T here is little doubt that President Biden’s unilateral decision to “cancel” (i.e., transfer to taxpayers) student-loan debts is unconstitutional. The legislative power (including the power to spend) is vested in Congress. The “major questions” doctrine underscored in last term’s decision in West Virginia v. EPA reinforces the idea that the power to cancel student loans for almost everyone cannot be found in an old law designed to provide focused relief for members of the military. Congress, the saying goes, does not hide elephants in mouseholes.

But it is possible that no one will be able to bring a lawsuit to enforce the critical statutory and constitutional principles it violates. If you think there’s something wrong with that, you’re right. So far, alas, though blame for this move belongs to Biden, conservatives have proven unable to stop it.

As soon as Sunday, October 23, the Biden administration will begin unilaterally canceling student-loan debts for tens of millions of borrowers. Six major lawsuits have been filed, but so far, no court has stopped this unprecedented and unconstitutional power grab. At the Wisconsin Institute for Law & Liberty (WILL), we petitioned the United States Supreme Court on Wednesday for an emergency order to halt the program before it goes into effect on Sunday. The Court denied our request on Thursday, and shortly thereafter, a federal judge in Missouri denied a similar request by six states. Other courts have also refused to grant relief.

Not one of these cases has reached the merits. Each has failed because none of us has yet cracked the code on legal standing.

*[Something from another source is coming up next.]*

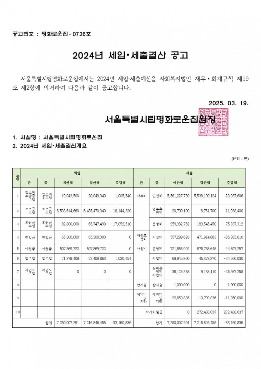 2024년 세입세출 결산서 공고 페이지 정보 작성자 한동주 작성일 25-03-19 13:28 조회 12,505회 댓글 0건 첨부파일 파일 홈페이지2024 세입.세출견결산공고.pdf (48.3K) 138회 다운로드 DATE : 2025-03-19 13:28:29 본문 2024년 세입세출결산서를 다음과 같이 공고합니다. 이전글 다음글 목록 답변

Legal standing is the basic concept that limits the power of courts to consider only concrete issues among relevant parties. Courts are not venues for issuing advisory opinions or settling abstract policy debates better handled by legislatures. They resolve disputes — our Constitution describes them as “cases” or “controversies” — between people about how the law is to be applied to them.

Justice Antonin Scalia was a fierce defender of a strict rule of standing as a way to ensure the separation of powers. In 1986, a group called Defenders of Wildlife sued the Reagan administration after it loosened up enforcement of the Endangered Species Act. The group claimed that it had standing because its members were concerned about endangered species and enjoyed observing them. One plaintiff, Joyce Kelly, told the Court that she traveled to Egypt once and enjoyed observing “the traditional habitat of the endangered Nile crocodile there and intends to do so again.” She said this was enough for standing to sue.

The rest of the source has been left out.